Some viruses tend to stay in a single species or in closely related species, while other viruses seem innately more capable of large species jumps. Influenza, for example, can infect a wide variety of animals, from sparrows to whales. Similarly, coronaviruses are known to regularly jump between species.
The question of how many and which species can be infected by SARS-CoV-2 – and which ones might be able to support continued circulation of the virus – is an important one.
Searching for COVID-19 in Wildlife
For human-to-wildlife spillover of SARS-CoV-2 to occur, an animal needs to be exposed to a high-enough viral dose to become infected.
The highest-risk situations are during direct contact with humans, such as a veterinarian's caring for an injured animal. Contact between a sick person and a pet or farm animal also poses a risk, as the domestic animal could act as an intermediate host, eventually passing the virus to a wild animal.

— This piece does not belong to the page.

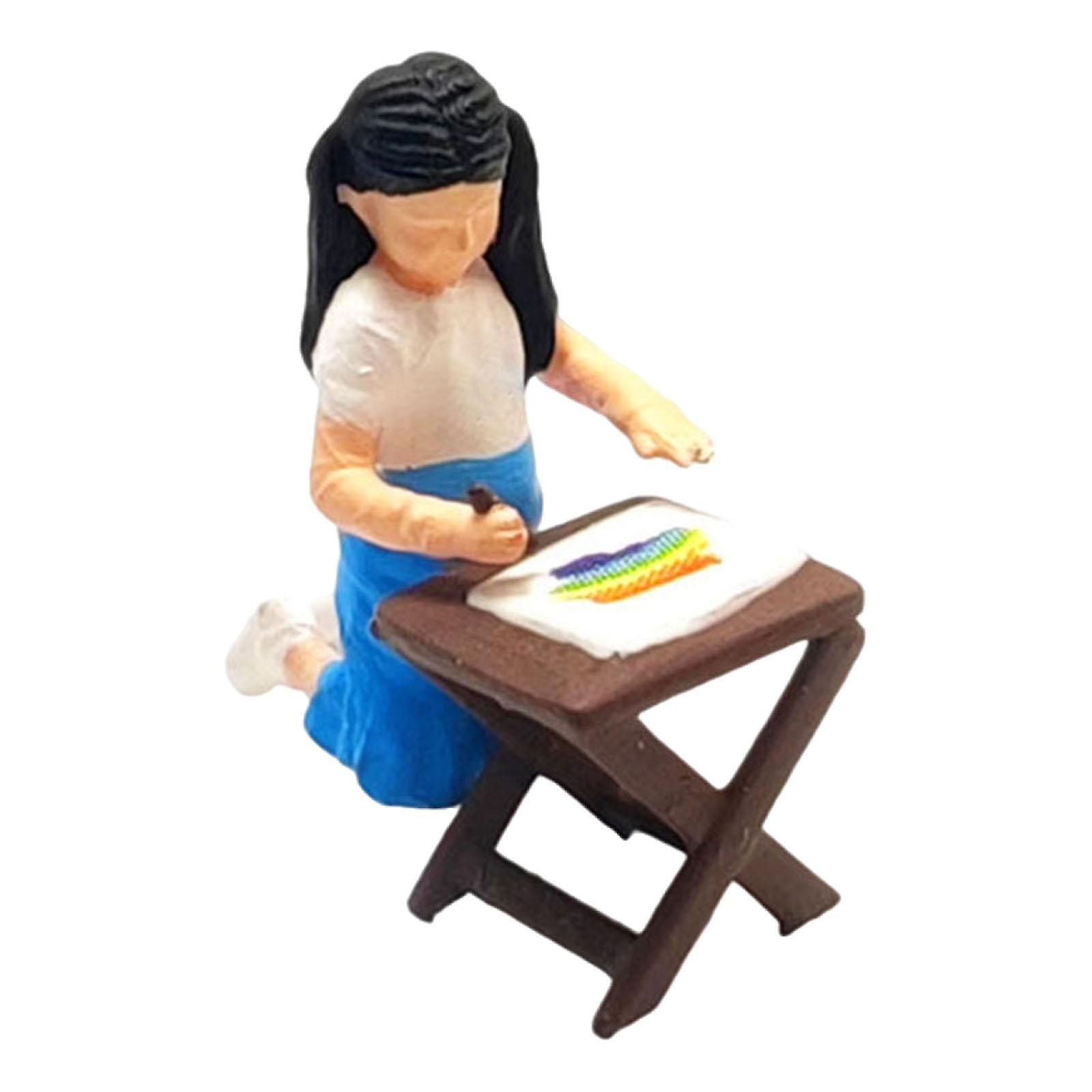 1/64 People Figures Drawing Girl Figure for Dollhouse Micro Landscapes Decor blue

Another way COVID-19 could spill over from humans into animals is through indirect infection, such as through wastewater. COVID-19 and other pathogens can be detected in waste streams, many of which end up dumped, untreated, into environments where wildlife like marine mammals may be exposed. This is thought to be how elephant seals in California became infected with H1N1 influenza during the swine flu pandemic in 2009.

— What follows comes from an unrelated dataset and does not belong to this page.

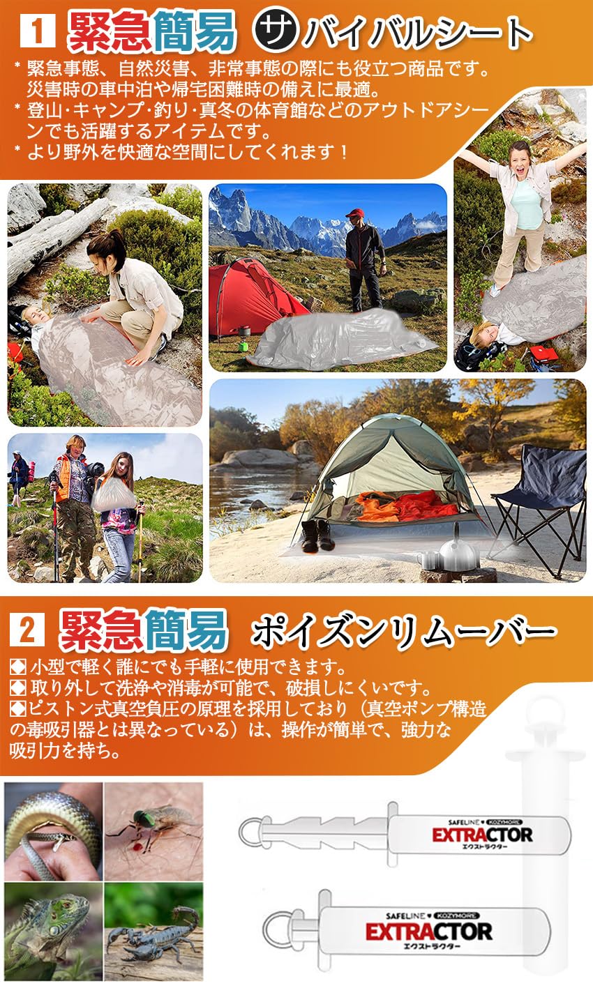 【実用的な救急用品】私たちはユーザーの目線に立ち、緊急時に必要な救急用品をすでに備えて付けています。内容物:サバイバルシート、緊急簡易トイレ、ポイズンリムーバー、ホイッスル、はさみ等21種類。もちろん、使用用途や目的に合わせて中身をユーザーご自身で調整することも可能です。
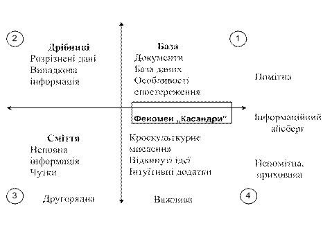 Трикутники прийняття рішень Наведений рисунок ілюструє різні стилі прийняття рішень: збалансований (1), логічний (2), прагматичний (3) та інтуїтивний (4). У міжнародному менеджменті найбільш поширеним є інтуїтивний стиль прийняття управлінських рішень, оскільки він дозволяє враховувати особливості національних культур. Це пояснюється також особистою характеристикою здібних до міжнародного бізнесу менеджерів, які роблять наголос більше на відчуттях і враженнях, ніж на фактах і інформації. Особливість інформаційного забезпечення процесу прийняття міжнародних рішень полягає у тому, щоб використати всю релевантну інформацію, тобто ту, що стосується даної проблеми. Складність однак, полягає, в тому, що не вся релевантна інформація помітна. Досвід показує, що через різницю культур автори проектів рішень можуть випускати з поля зору корисну інформацію, що помітна представникам іншої культури. У цьому зв'язку доцільно враховувати так званий феномен «Касандри», зображений на стику сегментів «Важлива», «Помітна», матриці, представленої на рис. 4.2.

To study whether spillover of SARS-CoV-2 is happening, our team at Tufts is partnering with veterinarians and licensed wildlife rehabilitators across the U.S. to collect samples from and test animals in their care. Through the project, we have tested nearly 300 wild animals from over 20 species. So far, none – from bats to seals to coyotes – have shown any evidence of COVID-19 by swab or antibody tests.
Other researchers have launched targeted surveillance of wild animals in places where captive animals have been infected. The first confirmed infection in a wild mink was found during surveillance near an infected mink farm. It's not yet clear how this wild mink got the coronavirus, but the high density of infected minks and potentially infectious particles from them made it a high-risk location.

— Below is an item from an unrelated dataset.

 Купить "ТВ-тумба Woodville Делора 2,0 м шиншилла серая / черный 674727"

Bad for Animals, Bad for Humans
When a virus infects a new species, it sometimes mutates, adapting to infect, replicate and transmit more efficiently in a new animal. This is called host adaptation. When a virus jumps to a new host and begins adapting, the results can be unpredictable.
In late 2020, when SARS-CoV-2 jumped into farmed mink in Denmark, it acquired mutations that were uncommon in humans. Some of these mutations occurred in the part of the virus that most vaccines are designed to recognize. And it didn't just happen once – these mutations independently arose in mink farms multiple times. While it's not yet clear what impact, if any, these mutations may have on human disease or the vaccine, these are signs of host adaptation that could allow novel variants of the virus to persist and reemerge from animal hosts in the future.
Another risk is that SARS-CoV-2 could cause disease in animals. Ecologists are especially concerned about endangered species like the black-footed ferret, which is closely related to minks and thought to be very susceptible to the virus.
Human-to-wildlife spillover has happened before. In the late 20th century, the Ebola virus jumped from humans into great apes and has resulted in devastating consequences for these endangered animals. More recently, a human respiratory virus has been detected in threatened mountain gorilla populations and has caused deaths as well.
But perhaps the biggest risk to humans is that spillover could result in the coronavirus establishing a reservoir in new animals and regions. This could provide opportunities for reintroduction of COVID-19 into humans in the future. This month researchers published a paper showing that this had already happened on a small scale with human–to–mink–to–human transmission on mink farms in Denmark.
While our team has found no evidence of COVID-19 in wild animals in the U.S. at this time, we have seen convincing evidence of regular spillover into dogs and cats and some zoo animals. The discovery of the infected wild mink confirmed our fears. Seeing the first wild animal with natural COVID-19 is alarming, but sadly, not surprising.
Jonathan Runstadler is a professor of infectious disease and global health at the Cummings School of Veterinary Medicine, Tufts University.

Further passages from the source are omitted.